SCAP fails with Permission denied (publickey)
Closed, ResolvedPublic

Description

(Not an unbreak now because the code to be deployed is not critical)

While deploying a change for mysql configuration due to a hardware failure (T103230), all proxys and nodes failed to sync:

root@tin:/srv/mediawiki-staging$ sync-file wmf-config/db-eqiad.php "Depool db1028, return ES servers back from maintenance"
...
09:28:41 ['/srv/deployment/scap/scap/bin/sync-common', '--no-update-l10n', '--include', 'wmf-config', '--include', 'wmf-config/db-eqiad.php', 'mw1010.eqiad.wmnet', 'mw1033.eqiad.wmnet', 'mw1070.eqiad.wmnet', 'mw1097.eqiad.wmnet', 'mw1216.eqiad.wmnet', 'mw1161.eqiad.wmnet', 'mw1201.eqiad.wmnet', 'mw2001.codfw.wmnet', 'mw2041.codfw.wmnet', 'mw2080.codfw.wmnet', 'mw2119.codfw.wmnet', 'mw2187.codfw.wmnet'] on mw2136.codfw.wmnet returned [255]: Permission denied (publickey).
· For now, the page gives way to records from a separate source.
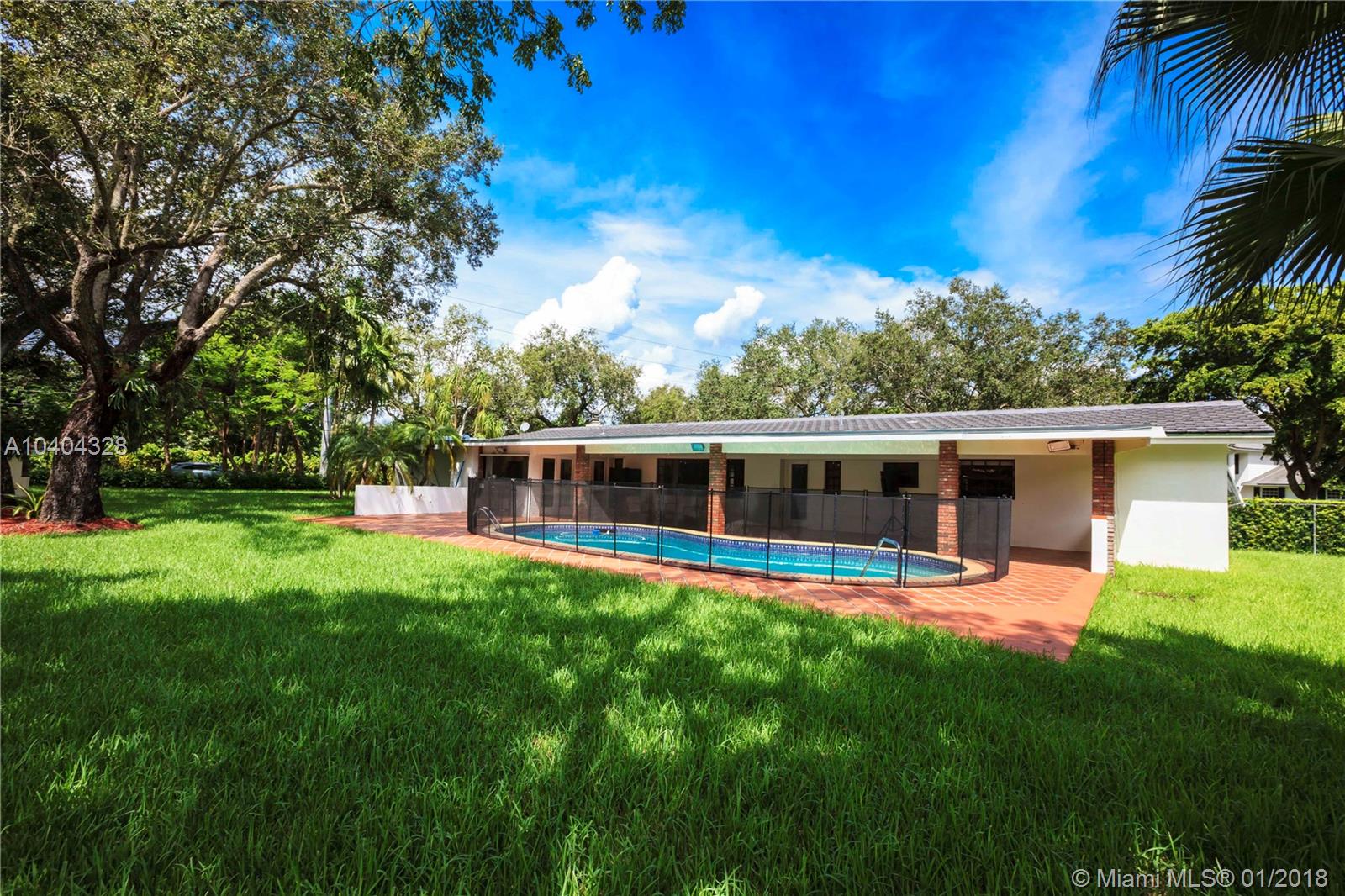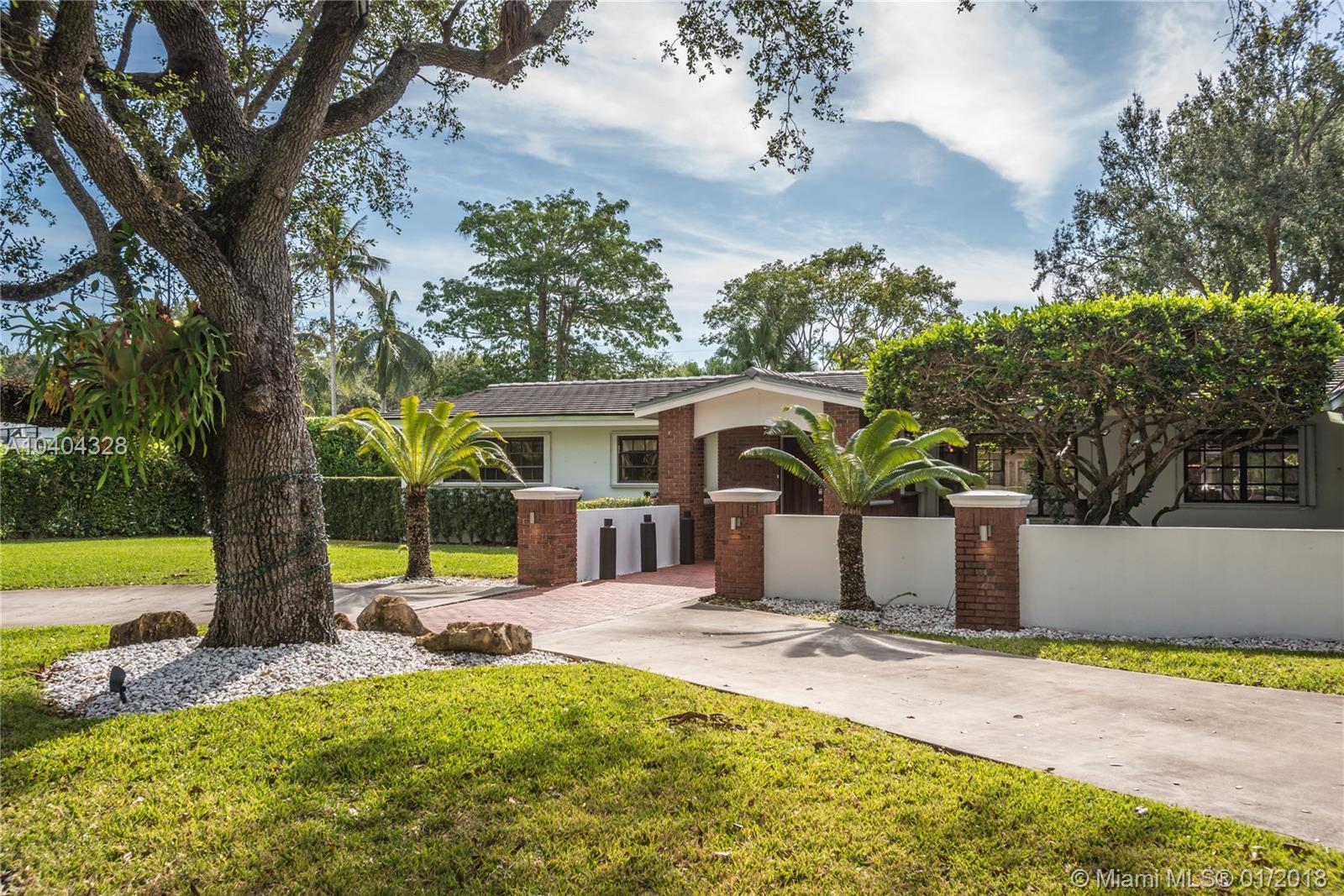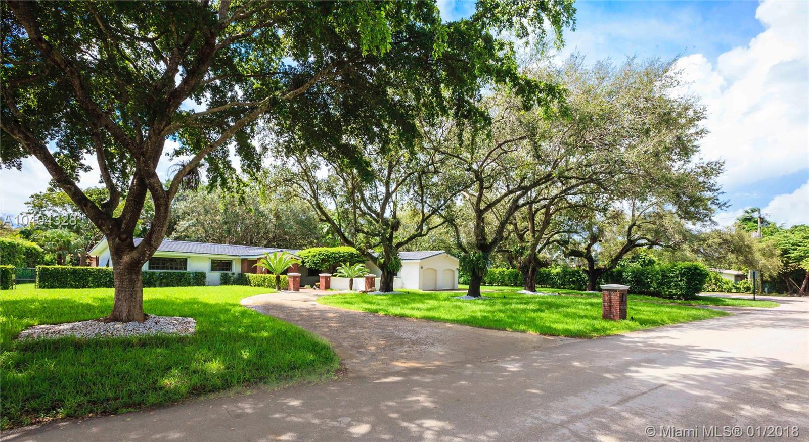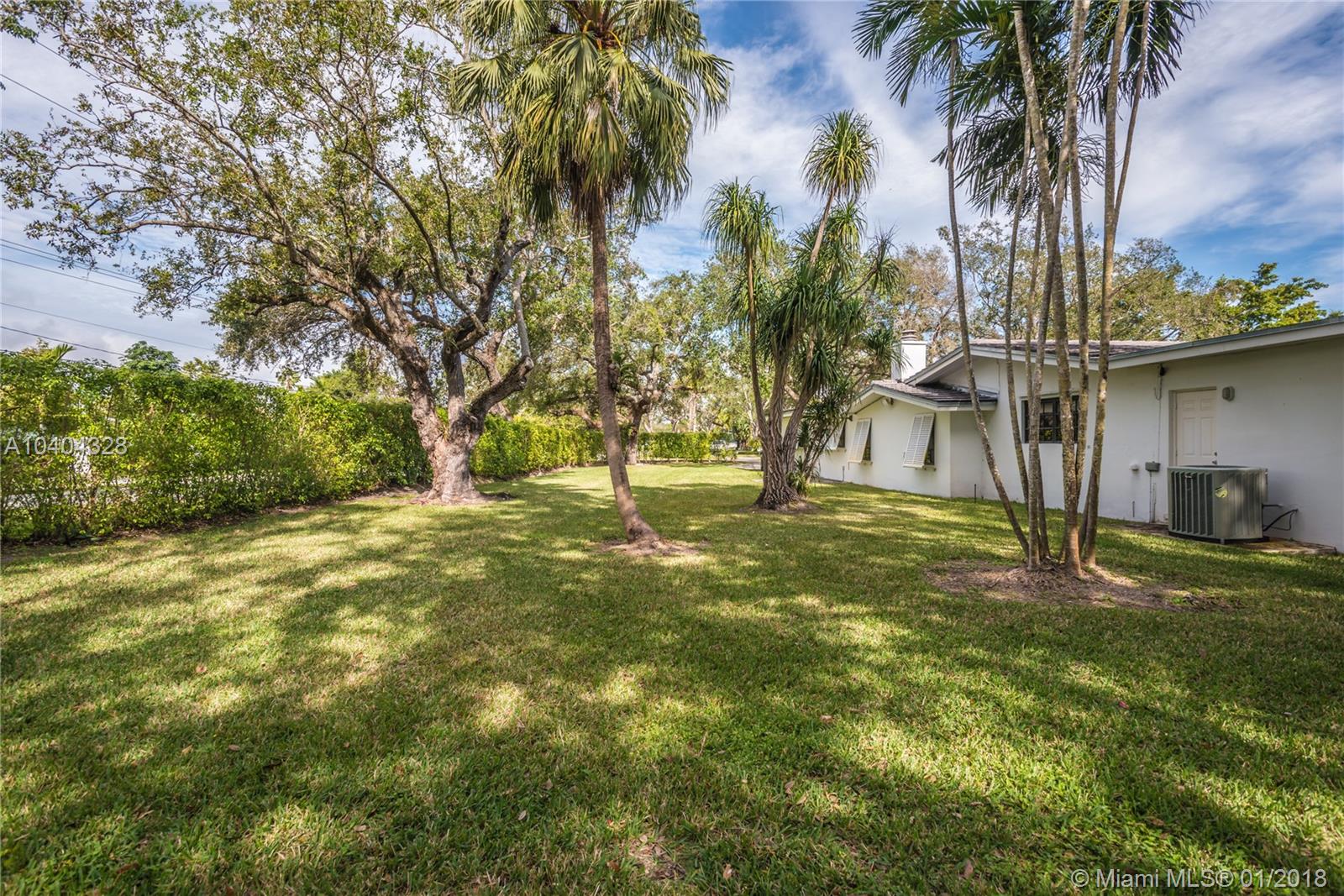 This Pinecrest ranch-style gem with a more modern interior twist has a comfortable floor plan. Foyer entry, open concept living and dining, spacious entertainment room with a wood-burning fireplace, 4 bedrooms, 3.5 baths (including a 2nd ensuite on opposite side), plus a separate multi-purpose room. Beautiful white kitchen with quality stainless steel appliances and breakfast area has direct access to a covered terrace, the sunny pool and large backyard. Porcelain floors; wood in bedrooms, laundry room, 2-car garage and ample driveway areas. Roof is 3 years new. Huge 31,363 sf corner lot with mature trees; all dimensions per County records. A desirable Pinecrest location, combined with sought-after public and private schools, make this property a fabulous option. Come see!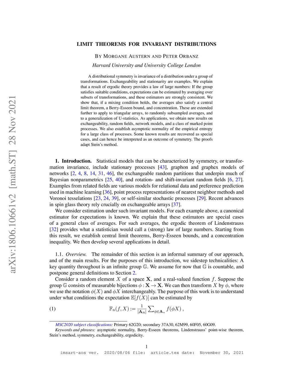 A distributional symmetry is invariance of a distribution under a group of transformations. Exchangeability and stationarity are examples. We explain that a result of ergodic theory provides a law of large numbers: If the group satisfies suitable conditions, expectations can be estimated by averaging over subsets of transformations, and these estimators are strongly consistent. We show that, if a mixing condition holds, the averages also satisfy a central limit theorem, a Berry-Esseen bound, and concentration. These are extended further to apply to triangular arrays, to randomly subsampled averages, and to a generalization of U-statistics. As applications, we obtain new results on exchangeability, random fields, network models, and a class of marked point processes. We also establish asymptotic normality of the empirical entropy for a large class of processes. Some known results are recovered as special cases, and can hence be interpreted as an outcome of symmetry. The proofs adapt Stein's method.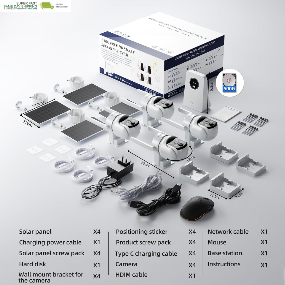 4-in-1 Base Station Kit: The KCSNYO base station kit with 1 base station and 4 outdoor solar powered cameras, base station with 500GB HDD capable of storing up to 12 months of cyclic recordings. The system can be expanded to support up to 10 cameras. All data is securely encrypted and stored locally, ensuring privacy and convenient access. The base station allows video output to a monitor, enabling flexible control via a mouse.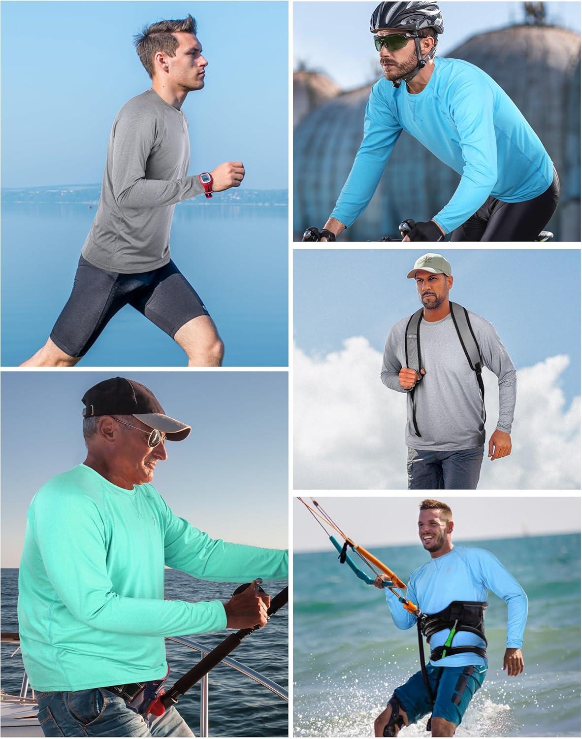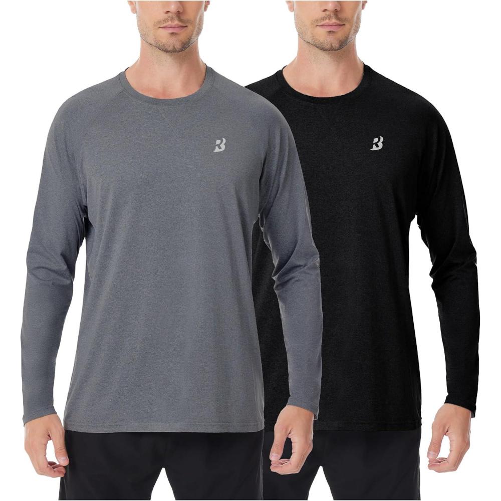 Roadbox UPF 50+ Sun Shirts for Men, UV Protection Long Sleeve Swim Shirt, Lightweight Rash Guard for Fishing Hiking Running(2 Pack – Light Gray+dark Gray)

sync-common: 100% (ok: 0; fail: 466; left: 0)                                   
09:28:41 466 apaches had sync errors
09:28:41 Finished sync-apaches (duration: 00m 03s)
09:28:41 Synchronized wmf-config/db-eqiad.php: Depool db1028, return ES servers back from maintenance (duration: 00m 03s)

This was a hardware maintenance deployment, and I can live without it because mediawiki detects it and depools automatically, but it would be an unbreak now in other cases.

I remember bblack talking about deployment key changes, probably related.
Related: T110791 T110793

Event Timeline

jcrespo raised the priority of this task from to High.
jcrespo updated the task description. (Show Details)
jcrespo subscribed.

Keyholder issue?

krenair@tin:~$ SSH_AUTH_SOCK=/run/keyholder/proxy.sock ssh mwdeploy@mw2001
Permission denied (publickey).

Yeah, icinga has been showing this for tin's keyholder service for the past 14 hours: CRITICAL: Keyholder is not armed. Run 'keyholder arm' to arm it.
Needs ops to fix

Seems a root has to arm it with:

sudo -u keyholder env SSH_AUTH_SOCK=/run/keyholder/agent.sock ssh-add /etc/keyholder.d/mwdeploy_rsa

Change 234955 had a related patch set uploaded (by Ori.livneh):
ssh-agent-proxy: break out of select loop once client is done

https://gerrit.wikimedia.org/r/234955

Change 234955 merged by Ori.livneh:
ssh-agent-proxy: break out of select loop once client is done

https://gerrit.wikimedia.org/r/234955

ori claimed this task.

@jcrespo, I'll update the docs.